DVD Review: Cover Girl


★★★☆☆

“Men go to bed with Gilda, but they wake up with me.” Rita Hayworth’s pithy observation on the consequences of her most famous part could just as easily have been applied to her role in the 1944 musical Cover Girl. Hayworth is Rusty, a talented performer in a small-time dance routine, directed by her beau, Danny (Gene Kelly). Going with her friend to a cover shoot audition, Rusty’s star quality shines through and she’s eventually offered the part, initially inspiring her friend’s ire before causing more problems with Danny.

All the trappings of a classic musical are here: a rich, vibrant colour palette, a seasoned, gorgeous cast, and a big Hollywood story. Hayworth in particular is radiant, making it very easy to believe Rusty’s rapid ascendancy to the big time. Meanwhile, Kelly invests his Danny with pathos, heart, and conflict: madly in love with Rusty, he knows that he is holding her back but still can’t quite let her go. The early scene in which she receives the offer of a contract from John Coudair (Otto Kruger) is both heart breaking and infuriating – loyalty, selfishness and ignoble desire play variously through both characters, hastened by their theatre associate Genius’s (Phil Silvers) obliviously cruel intervention.

Coudair has a strange fixation on Rusty, who reminds him of his first love, Maribelle.
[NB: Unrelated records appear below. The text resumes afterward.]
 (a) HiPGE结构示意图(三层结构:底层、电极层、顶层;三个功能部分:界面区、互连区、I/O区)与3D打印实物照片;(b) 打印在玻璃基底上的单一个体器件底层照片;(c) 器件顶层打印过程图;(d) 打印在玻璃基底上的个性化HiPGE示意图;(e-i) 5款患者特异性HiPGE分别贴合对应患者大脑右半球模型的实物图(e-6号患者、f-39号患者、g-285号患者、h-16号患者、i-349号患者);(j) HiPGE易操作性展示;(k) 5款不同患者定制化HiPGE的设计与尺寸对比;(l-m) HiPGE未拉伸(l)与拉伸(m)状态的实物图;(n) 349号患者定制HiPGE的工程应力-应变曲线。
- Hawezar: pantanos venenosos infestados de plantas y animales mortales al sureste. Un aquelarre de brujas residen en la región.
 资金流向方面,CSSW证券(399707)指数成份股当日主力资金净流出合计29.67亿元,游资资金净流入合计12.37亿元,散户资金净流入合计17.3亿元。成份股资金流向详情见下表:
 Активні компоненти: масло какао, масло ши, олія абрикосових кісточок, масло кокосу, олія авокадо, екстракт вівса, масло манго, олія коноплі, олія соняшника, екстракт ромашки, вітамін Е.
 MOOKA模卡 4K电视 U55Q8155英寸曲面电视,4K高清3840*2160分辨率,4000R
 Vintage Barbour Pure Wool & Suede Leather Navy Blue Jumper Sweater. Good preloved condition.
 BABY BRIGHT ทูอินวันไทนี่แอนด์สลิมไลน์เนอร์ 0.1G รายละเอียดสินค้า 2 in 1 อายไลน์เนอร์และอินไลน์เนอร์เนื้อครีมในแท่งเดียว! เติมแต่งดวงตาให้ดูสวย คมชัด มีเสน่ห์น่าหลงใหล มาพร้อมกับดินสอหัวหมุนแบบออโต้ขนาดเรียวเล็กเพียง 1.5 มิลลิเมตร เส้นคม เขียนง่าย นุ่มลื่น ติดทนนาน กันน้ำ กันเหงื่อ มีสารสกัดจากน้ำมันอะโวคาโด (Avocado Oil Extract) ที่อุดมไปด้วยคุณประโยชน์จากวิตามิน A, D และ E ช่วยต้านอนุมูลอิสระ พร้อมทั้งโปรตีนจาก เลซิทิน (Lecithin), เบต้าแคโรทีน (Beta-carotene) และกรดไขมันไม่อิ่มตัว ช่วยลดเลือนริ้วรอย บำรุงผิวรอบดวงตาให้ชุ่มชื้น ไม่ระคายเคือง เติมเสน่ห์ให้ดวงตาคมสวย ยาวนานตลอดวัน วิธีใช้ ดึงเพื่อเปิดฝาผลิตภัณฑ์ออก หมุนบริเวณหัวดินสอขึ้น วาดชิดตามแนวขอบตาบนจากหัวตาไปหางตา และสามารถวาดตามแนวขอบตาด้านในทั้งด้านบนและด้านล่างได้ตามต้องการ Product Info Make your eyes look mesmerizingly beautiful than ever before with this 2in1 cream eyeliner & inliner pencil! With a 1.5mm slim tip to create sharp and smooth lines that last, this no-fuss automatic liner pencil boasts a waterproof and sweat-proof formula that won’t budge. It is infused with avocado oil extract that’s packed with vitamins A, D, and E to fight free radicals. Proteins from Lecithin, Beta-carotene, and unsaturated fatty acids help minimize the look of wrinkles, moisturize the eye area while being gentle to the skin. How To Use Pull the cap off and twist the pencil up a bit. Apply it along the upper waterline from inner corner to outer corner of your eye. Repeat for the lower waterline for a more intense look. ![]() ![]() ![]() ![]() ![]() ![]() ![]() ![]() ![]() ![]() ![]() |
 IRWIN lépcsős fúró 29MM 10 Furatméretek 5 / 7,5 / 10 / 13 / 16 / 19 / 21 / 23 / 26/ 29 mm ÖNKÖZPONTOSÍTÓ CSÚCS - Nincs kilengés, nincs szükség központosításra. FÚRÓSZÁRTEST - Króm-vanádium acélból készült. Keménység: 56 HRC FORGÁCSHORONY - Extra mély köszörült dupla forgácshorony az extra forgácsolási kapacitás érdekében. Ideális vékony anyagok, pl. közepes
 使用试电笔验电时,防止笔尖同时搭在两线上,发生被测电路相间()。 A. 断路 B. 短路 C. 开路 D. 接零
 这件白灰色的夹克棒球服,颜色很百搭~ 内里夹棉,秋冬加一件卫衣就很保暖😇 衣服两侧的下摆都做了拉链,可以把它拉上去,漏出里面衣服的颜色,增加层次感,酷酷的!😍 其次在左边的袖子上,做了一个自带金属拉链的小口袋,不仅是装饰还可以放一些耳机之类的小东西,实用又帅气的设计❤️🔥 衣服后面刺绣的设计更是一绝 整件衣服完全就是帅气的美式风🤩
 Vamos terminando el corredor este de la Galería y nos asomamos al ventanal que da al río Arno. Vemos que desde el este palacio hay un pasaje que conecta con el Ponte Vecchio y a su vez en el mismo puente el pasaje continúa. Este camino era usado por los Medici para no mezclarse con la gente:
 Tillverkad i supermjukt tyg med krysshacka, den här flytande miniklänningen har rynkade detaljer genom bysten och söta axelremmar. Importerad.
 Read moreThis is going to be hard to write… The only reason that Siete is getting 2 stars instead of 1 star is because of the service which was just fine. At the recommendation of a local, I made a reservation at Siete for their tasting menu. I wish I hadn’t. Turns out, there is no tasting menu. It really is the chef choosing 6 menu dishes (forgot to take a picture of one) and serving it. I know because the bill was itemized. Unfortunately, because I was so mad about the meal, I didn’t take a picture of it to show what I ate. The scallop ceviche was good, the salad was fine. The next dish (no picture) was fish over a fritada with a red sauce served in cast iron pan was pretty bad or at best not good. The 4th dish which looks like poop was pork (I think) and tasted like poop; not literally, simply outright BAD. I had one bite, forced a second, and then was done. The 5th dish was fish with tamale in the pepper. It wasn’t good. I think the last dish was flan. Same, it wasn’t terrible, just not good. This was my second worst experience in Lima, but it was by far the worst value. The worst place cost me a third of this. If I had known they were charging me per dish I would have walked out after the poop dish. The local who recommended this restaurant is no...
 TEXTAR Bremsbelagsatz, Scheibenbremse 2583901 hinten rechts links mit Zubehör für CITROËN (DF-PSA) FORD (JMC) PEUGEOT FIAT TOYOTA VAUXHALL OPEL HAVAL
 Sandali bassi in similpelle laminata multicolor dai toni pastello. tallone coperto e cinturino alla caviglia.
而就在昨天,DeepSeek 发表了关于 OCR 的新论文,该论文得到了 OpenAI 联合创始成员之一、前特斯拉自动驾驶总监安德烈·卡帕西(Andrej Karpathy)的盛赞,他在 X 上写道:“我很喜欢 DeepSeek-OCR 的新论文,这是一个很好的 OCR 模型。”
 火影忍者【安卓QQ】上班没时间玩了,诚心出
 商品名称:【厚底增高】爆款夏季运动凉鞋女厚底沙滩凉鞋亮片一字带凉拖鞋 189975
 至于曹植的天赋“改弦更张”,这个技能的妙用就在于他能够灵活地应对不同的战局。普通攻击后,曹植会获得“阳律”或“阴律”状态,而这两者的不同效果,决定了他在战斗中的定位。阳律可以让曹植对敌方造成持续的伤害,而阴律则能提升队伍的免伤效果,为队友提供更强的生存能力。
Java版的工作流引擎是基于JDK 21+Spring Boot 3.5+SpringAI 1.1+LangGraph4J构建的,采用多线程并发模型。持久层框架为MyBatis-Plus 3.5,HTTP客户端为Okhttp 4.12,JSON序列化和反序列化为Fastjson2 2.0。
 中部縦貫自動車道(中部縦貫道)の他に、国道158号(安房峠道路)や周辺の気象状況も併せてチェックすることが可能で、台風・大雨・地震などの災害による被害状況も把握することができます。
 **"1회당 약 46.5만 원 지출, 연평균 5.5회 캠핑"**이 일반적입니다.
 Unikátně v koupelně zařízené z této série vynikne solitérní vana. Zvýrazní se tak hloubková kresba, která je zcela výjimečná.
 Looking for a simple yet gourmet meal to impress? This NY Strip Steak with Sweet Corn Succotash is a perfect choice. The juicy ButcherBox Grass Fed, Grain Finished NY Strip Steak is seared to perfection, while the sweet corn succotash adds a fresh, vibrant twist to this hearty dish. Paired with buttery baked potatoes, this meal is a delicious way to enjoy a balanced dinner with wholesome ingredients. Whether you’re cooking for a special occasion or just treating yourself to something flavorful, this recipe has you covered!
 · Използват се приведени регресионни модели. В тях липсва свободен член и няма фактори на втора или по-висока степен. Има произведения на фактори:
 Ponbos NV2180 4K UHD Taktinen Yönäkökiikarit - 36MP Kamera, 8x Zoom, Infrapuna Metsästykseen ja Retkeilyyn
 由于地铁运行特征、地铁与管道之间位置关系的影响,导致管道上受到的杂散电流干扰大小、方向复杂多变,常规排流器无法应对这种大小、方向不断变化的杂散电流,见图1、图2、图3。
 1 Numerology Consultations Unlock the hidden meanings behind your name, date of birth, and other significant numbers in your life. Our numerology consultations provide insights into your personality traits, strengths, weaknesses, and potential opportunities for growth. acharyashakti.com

This is perhaps Cover Girl’s major misstep: Hayworth also plays Maribelle in flashback – a fine conceit that overstays its welcome by needlessly distracting from the main plot. Compounding this issue is the film’s dearth of memorable, dramatic songs – in this regard it’s difficult to shake the feeling that both Kelly and Hayworth’s talents are a little wasted. Indeed, it sometimes feels that Cover Girl is one film split into two – a psychological melodrama and an eyes-and-teeth musical – neither of which ever quite cohere.

The exception to this – a sequence in which Danny confronts his reflection in a shop window – is terrific: a dramatic, emotional number that confounds and delights in its technical wizardry. This is what we’re here for, larger than life emotions played out with unparalleled skill and imagination. Hayworth’s numbers, too, are alluring and gorgeous, especially her stage-bound numbers, and a late sequence with a parade of cover girls is impressive if a little long. But the flashback subplot and a weird familial twist neuters the simple potency of the main narrative, and there are as many so-so musical sequences as there are triumphs. Cover Girl is a musical that delights as much as it frustrates.